▶ What to produce
Could you give back exactly the lines below from the one with "XIANRENGE Womens Sports" through the one with "KB:s SKILLINGTRYCKSREG. ////", without a single picture?

▶ Input
::::

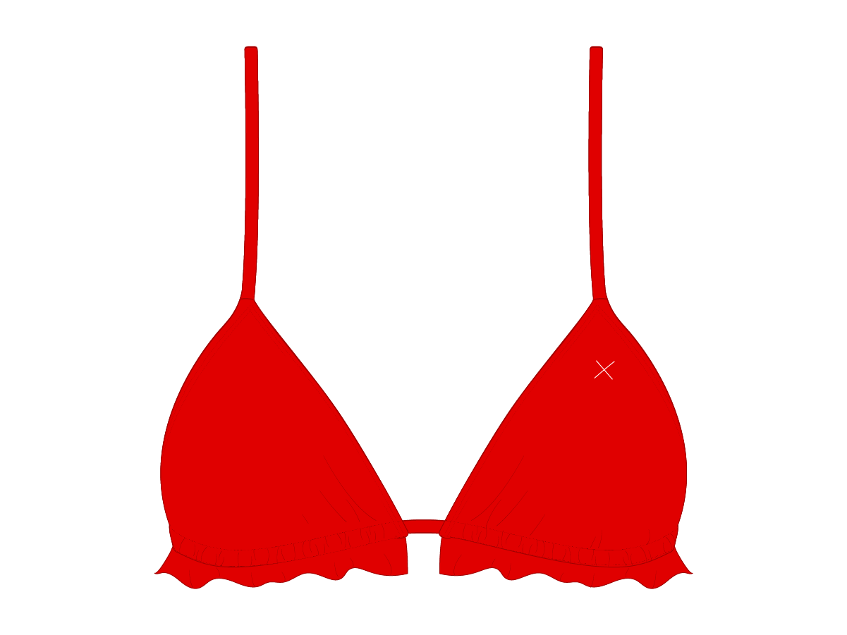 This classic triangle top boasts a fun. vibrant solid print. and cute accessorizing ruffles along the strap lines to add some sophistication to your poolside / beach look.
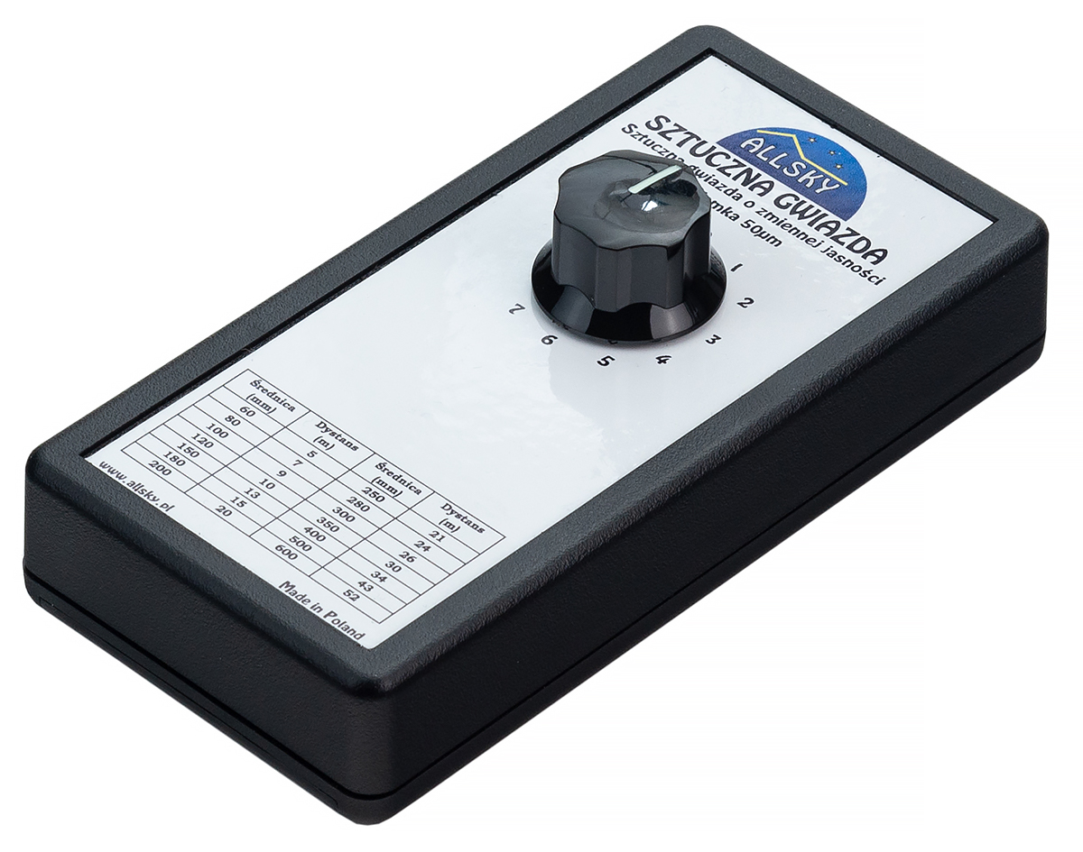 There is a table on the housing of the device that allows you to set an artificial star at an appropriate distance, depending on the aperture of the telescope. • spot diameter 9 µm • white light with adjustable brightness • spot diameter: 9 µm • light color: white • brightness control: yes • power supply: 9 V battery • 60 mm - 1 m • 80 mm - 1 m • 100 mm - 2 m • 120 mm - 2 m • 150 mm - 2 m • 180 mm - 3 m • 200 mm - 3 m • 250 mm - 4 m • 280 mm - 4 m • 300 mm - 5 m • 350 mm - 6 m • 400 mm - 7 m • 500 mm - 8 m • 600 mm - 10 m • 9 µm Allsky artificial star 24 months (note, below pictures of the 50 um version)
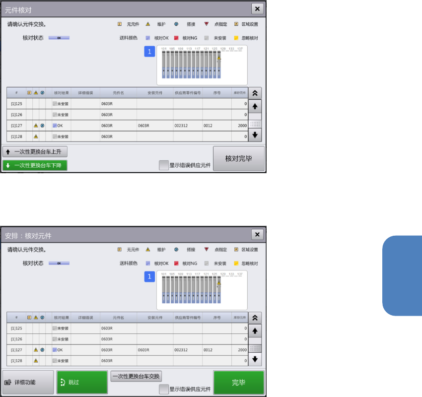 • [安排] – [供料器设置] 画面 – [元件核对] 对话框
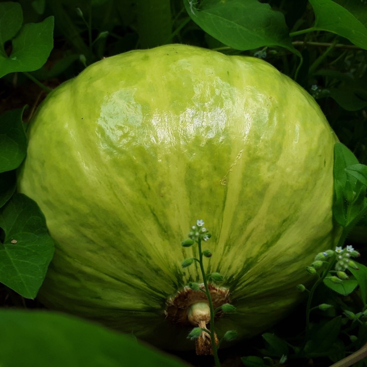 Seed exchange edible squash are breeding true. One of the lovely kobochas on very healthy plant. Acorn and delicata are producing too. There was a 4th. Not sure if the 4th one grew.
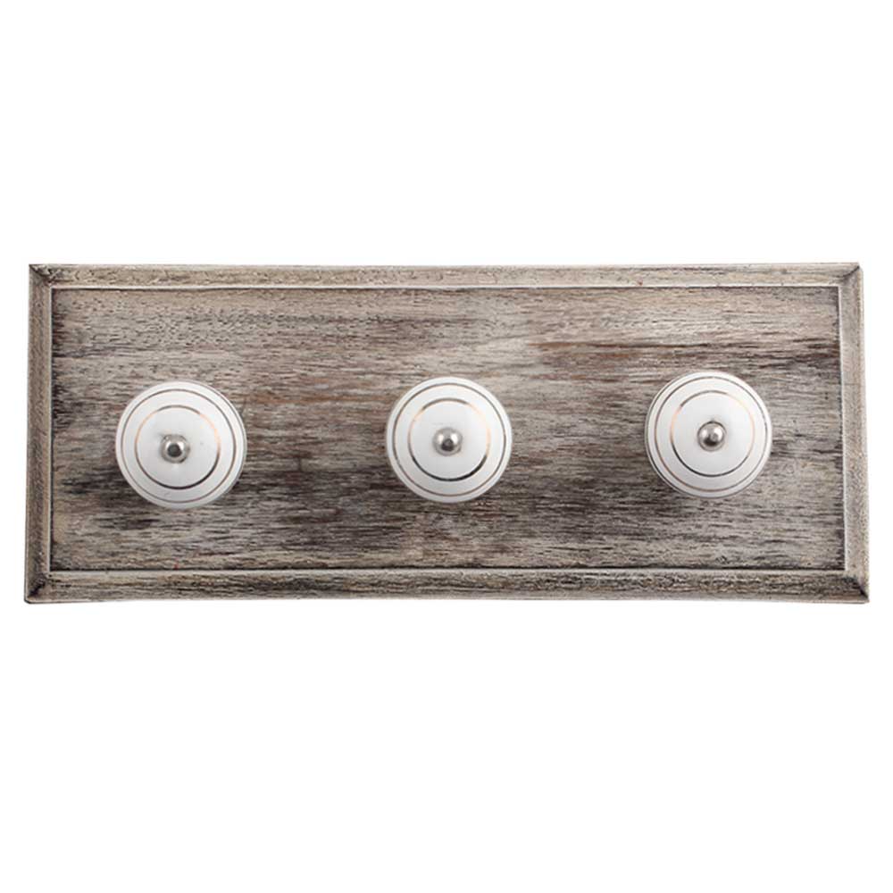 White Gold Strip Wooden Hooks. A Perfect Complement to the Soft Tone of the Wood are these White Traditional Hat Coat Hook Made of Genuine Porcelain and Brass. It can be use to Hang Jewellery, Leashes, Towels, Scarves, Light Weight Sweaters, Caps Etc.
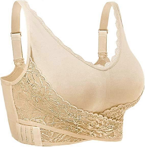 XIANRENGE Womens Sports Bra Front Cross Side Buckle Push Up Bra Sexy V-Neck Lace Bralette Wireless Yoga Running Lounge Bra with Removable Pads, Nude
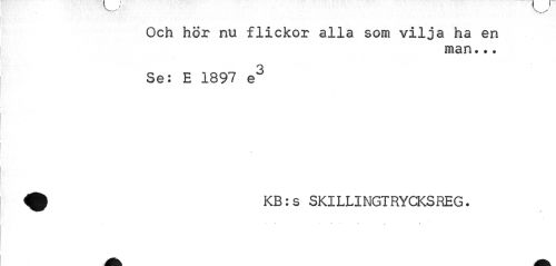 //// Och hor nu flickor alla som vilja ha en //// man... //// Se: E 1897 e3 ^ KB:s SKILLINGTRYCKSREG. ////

::::

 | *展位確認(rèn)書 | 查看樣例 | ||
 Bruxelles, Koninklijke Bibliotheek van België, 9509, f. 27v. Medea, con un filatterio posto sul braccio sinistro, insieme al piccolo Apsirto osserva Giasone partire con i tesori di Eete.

::::

▶ Task response
 XIANRENGE Womens Sports Bra Front Cross Side Buckle Push Up Bra Sexy V-Neck Lace Bralette Wireless Yoga Running Lounge Bra with Removable Pads, Nude
 //// Och hor nu flickor alla som vilja ha en //// man... //// Se: E 1897 e3 ^ KB:s SKILLINGTRYCKSREG. ////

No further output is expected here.